- The Washington Times - Thursday, July 26, 2001

Alpine 'Iceman' felled by arrow
ROME — It wasn't a fall or the cold that killed him, scientists say. The "Iceman," a Bronze Age hunter whose 5,300-year-old frozen body was discovered in the Alps, was shot through the chest with an arrow and likely died in agony.
The discovery of an arrowhead embedded in the Iceman's shoulder solves the mystery of how he died — an open question since his well-preserved corpse was discovered a decade ago.
The mummy was discovered in a glacier in the Tyrolean Alps on the Italian-Austrian border in 1991.

South Korean slams Japanese 'distortion'
HANOI — South Korean Foreign Minister Han Seung-soo yesterday warned that Japan's "distortion" of its history textbooks, which critics say whitewash World War II atrocities, would hurt bilateral relations.
In a meeting with Japanese Foreign Minister Makiko Tanaka on the sidelines of an Association of Southeast Asian Nations forum here, Mr. Han also urged Japanese leaders to cancel a visit to a shrine honoring Japan's war dead, including convicted war criminals.

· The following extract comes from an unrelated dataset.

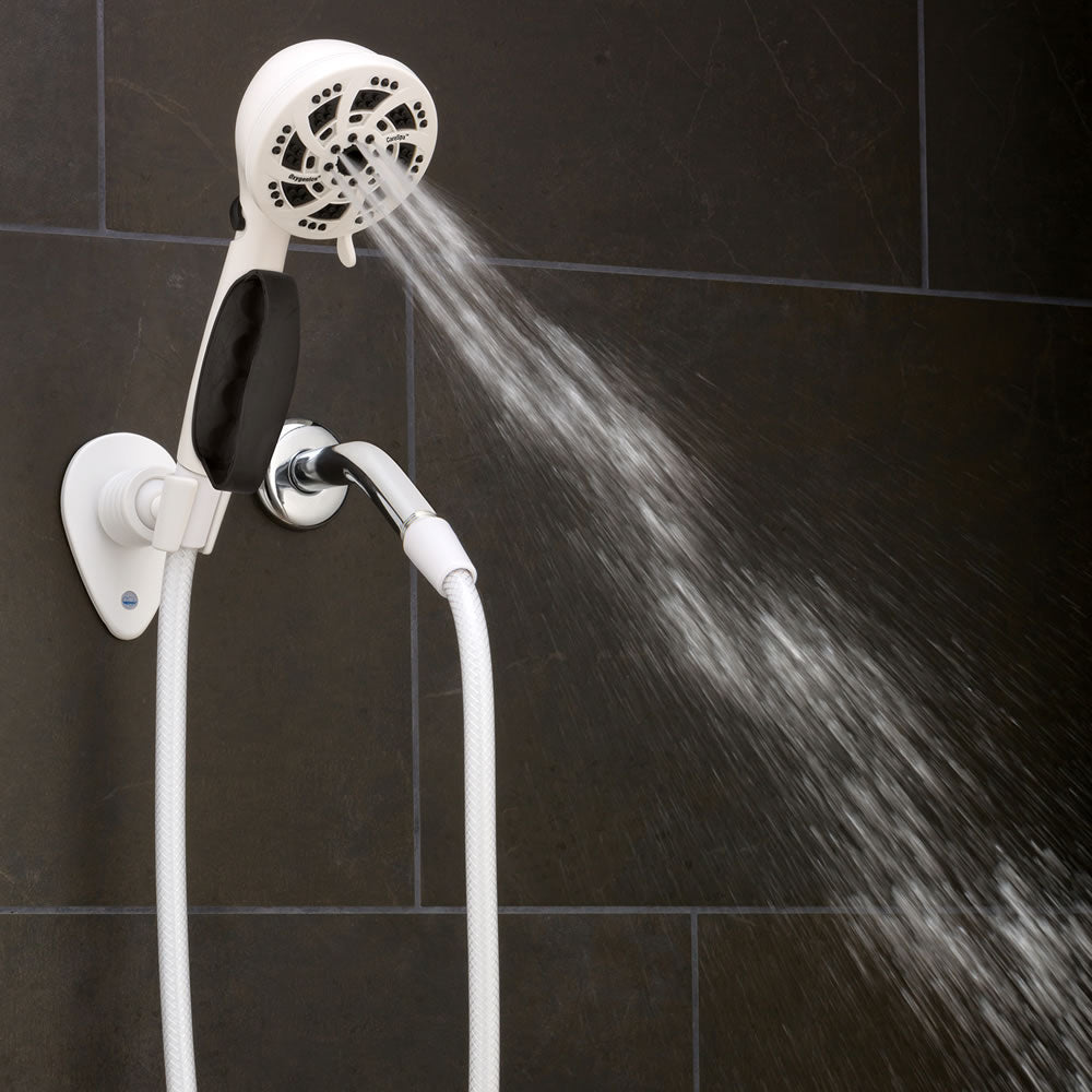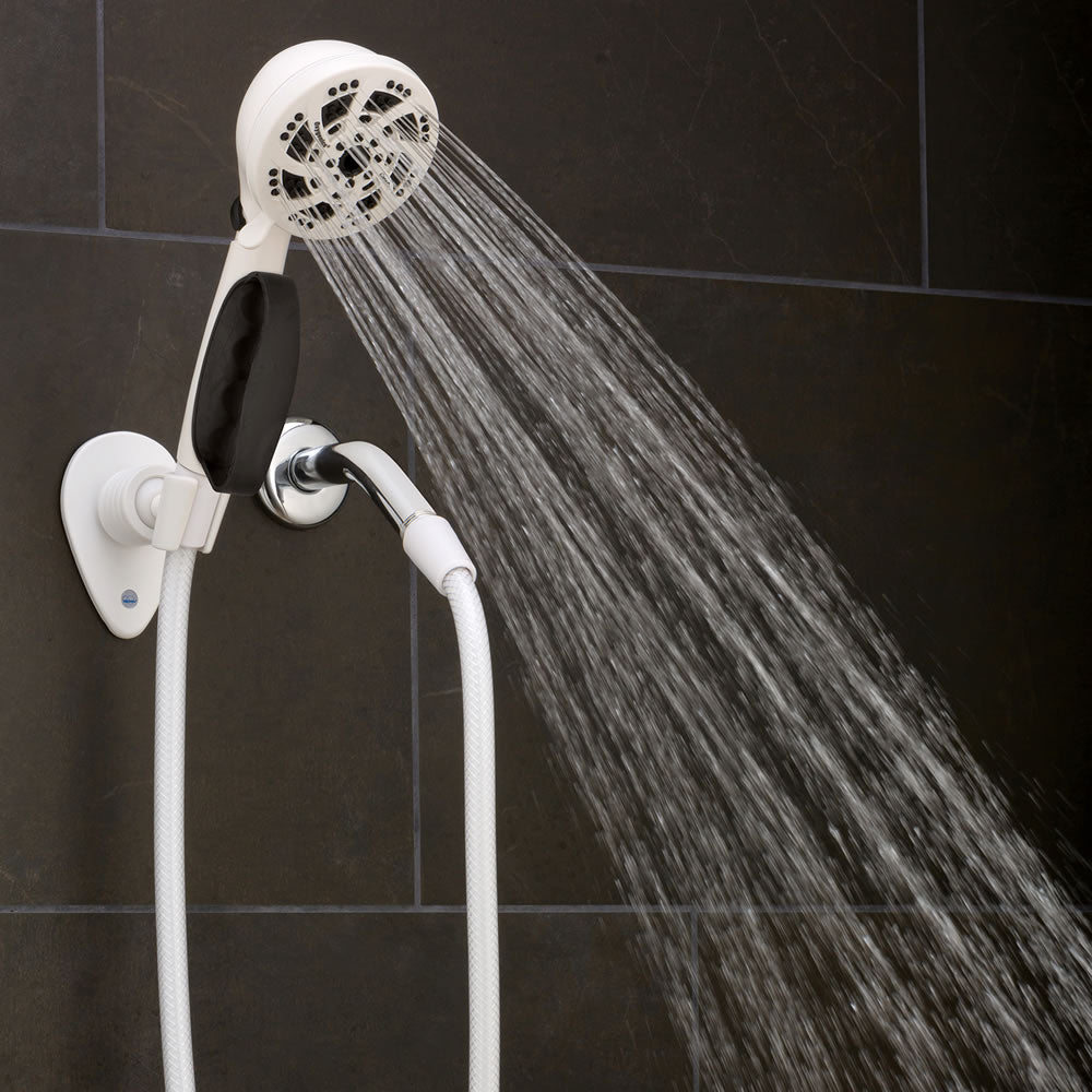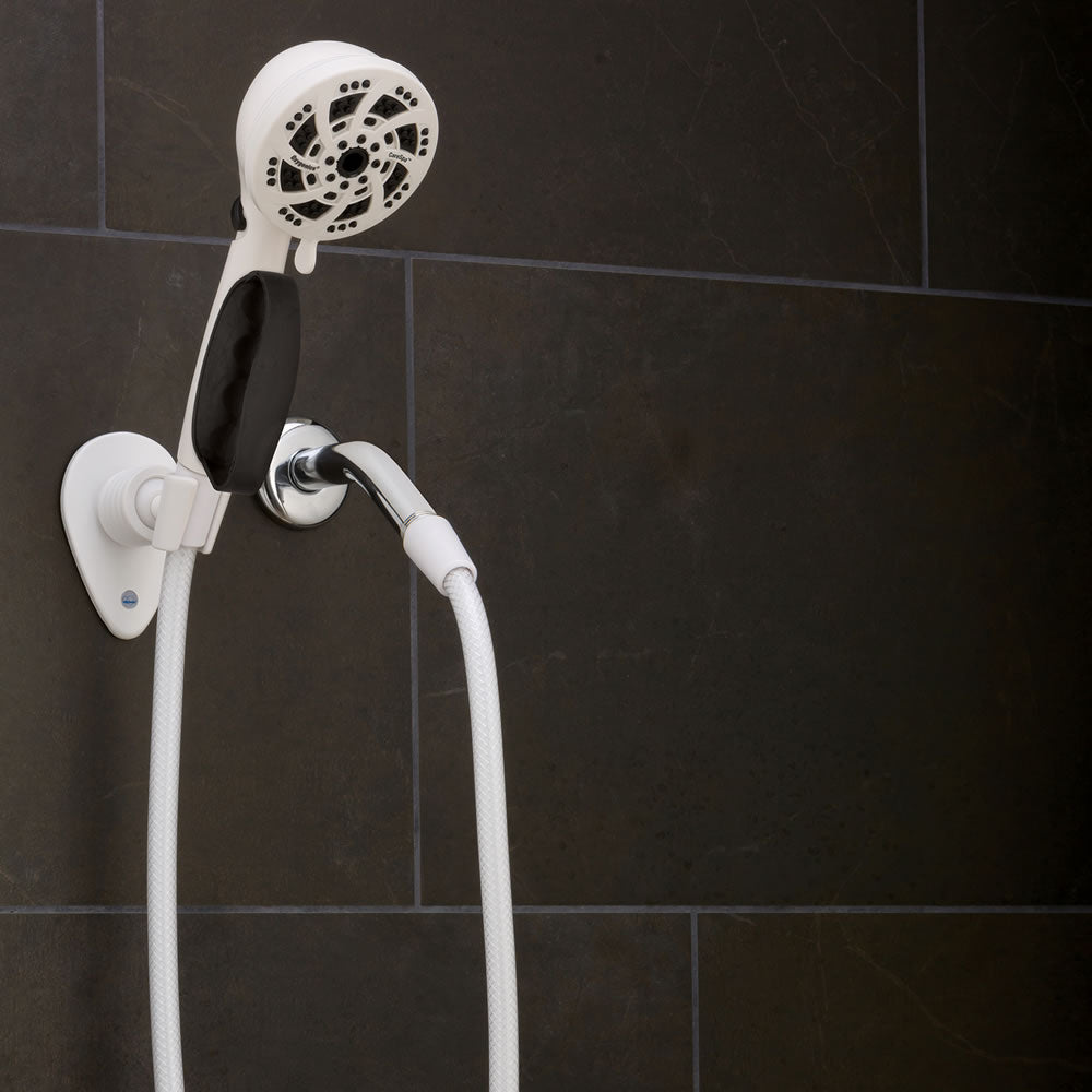 This handheld showerhead has a 96"-long hose that lets you reach and rinse every part of your body with ease. Unlike static showerheads that remain fixed on a wall, this unit attaches to an existing shower arm and provides handheld control of water jet angle and pressure. An included wall mount secures without any tools via adhesive tape and holds the 81-jet showerhead at your preferred height. With five stream settings, a non-slip rubber grip, and three pressure settings up to 80 PSI. White. 9 1/4" L x 3 3/4" W x 2 3/4" D. (2 lbs.)

Sri Lankan airport reopens after attack
COLOMBO, Sri Lanka — This country's only international airport reopened yesterday, one day after a suicide attack by Tamil Tiger rebels that left 20 dead, destroyed passenger jets and closed the airport.
President Chandrika Kumaratunga, facing growing opposition to her rule, appealed for political support to end the ethnic war.